Knockdown efficiency was determined by qPCR. siRNA sequences (in sense format) for
knockdowns were as follows:
SChLAP1 siRNA 1: CCAAUGAUGAGGAGCGGGA
SChLAP1 siRNA 2: CUGGAGAUGGUGAACCCAA
SNF5 siRNA 5: GUGACGAUCUGGAUUUGAA
SNF5 siRNA 7: GAUGACGCCUGAGAUGUUU
72 hours post-transfection, cells were trypsinized, counted with a Coulter counter,
and diluted to 1 million cells/mL.
Overexpression studies
SChLAP1 full length transcript was amplified from LNCaP cells and cloned into the
pLenti6 vector (Invitrogen) along with LacZ controls. Insert sequences were confirmed
by Sanger sequencing at the University of Michigan Sequencing Core. Lentiviruses were
generated at the University of Michigan Vector Core. The benign immortalized prostate
cell line RWPE was infected with lentiviruses expressing SChLAP1 or LacZ and stable
pools and clones were generated by selection with blasticidin (Invitrogen). Similarly,
the immortalized cancer cell line 22Rv1 was infected with lentiviruses expressing
SChLAP1 or LacZ and stable pools were generated by selection with blasticidin (Invitrogen).
Cell proliferation assays
72 hours post-transfection with siRNA, cells were trypsinized, counted with a Coulter
counter, and diluted to 1 million cells/mL. For proliferation assays, 10,000 cells
were plated in 24-well plates and grown in regular media. 48 and 96 hours post-plating,
cells were harvested by trypsinizing and counted using a Coulter counter. All assays
were performed in quadruplicate.
Basement Membrane Matrix Invasion Assays
For invasion assays, cells were treated with the indicated siRNAs and 72 hours post-transfection,
cells were trypsinized, counted with a Coulter counter, and diluted to 1 million cells/mL.

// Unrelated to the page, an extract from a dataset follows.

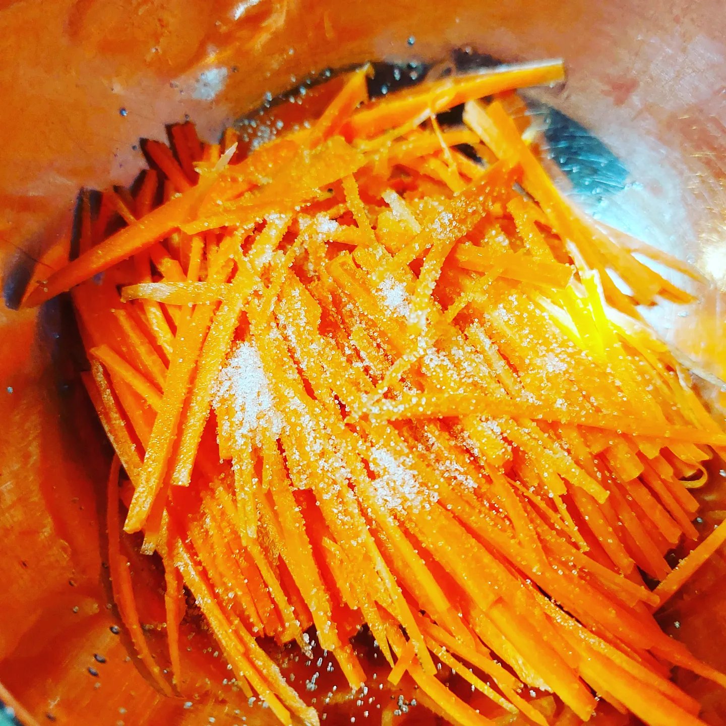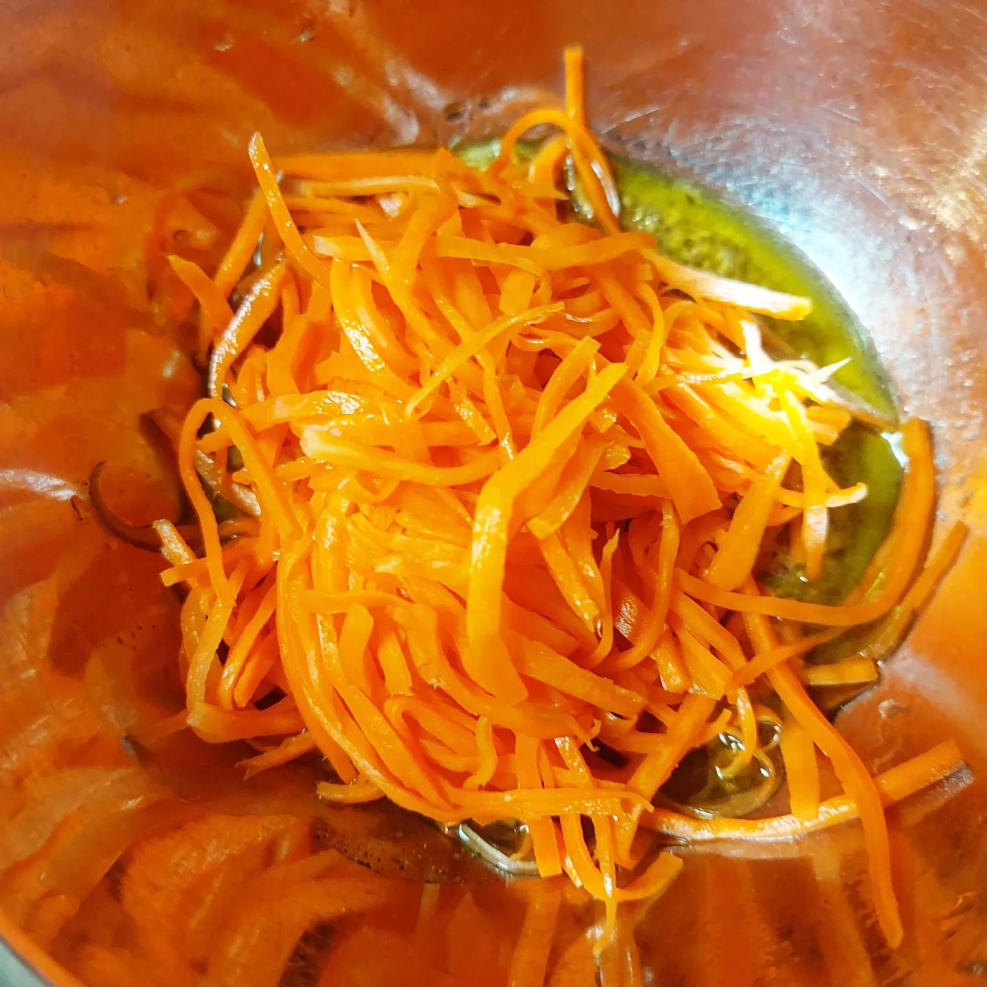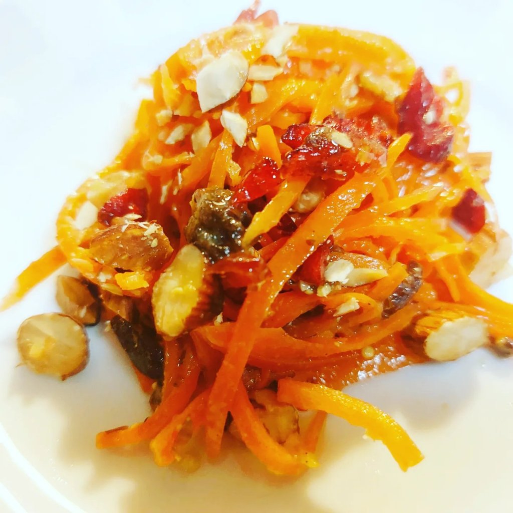 しんなりとしても芯のあるにんじんの歯ごたえと、ナッツのカリカリ感にドライフルーツのアクセントがきいた、ちょっと和風エッセンスのキャロットラペのできあがりです🥕

Cells were seeded onto the basement membrane matrix (EC matrix, Chemicon, Temecula,
CA) present in the insert of a 24 well culture plate. Fetal bovine serum was added
to the lower chamber as a chemo-attractant. After 48 hours, the non-invading cells
and EC matrix were gently removed with a cotton swab. Invasive cells located on the
lower side of the chamber were stained with crystal violet, air-dried and photographed.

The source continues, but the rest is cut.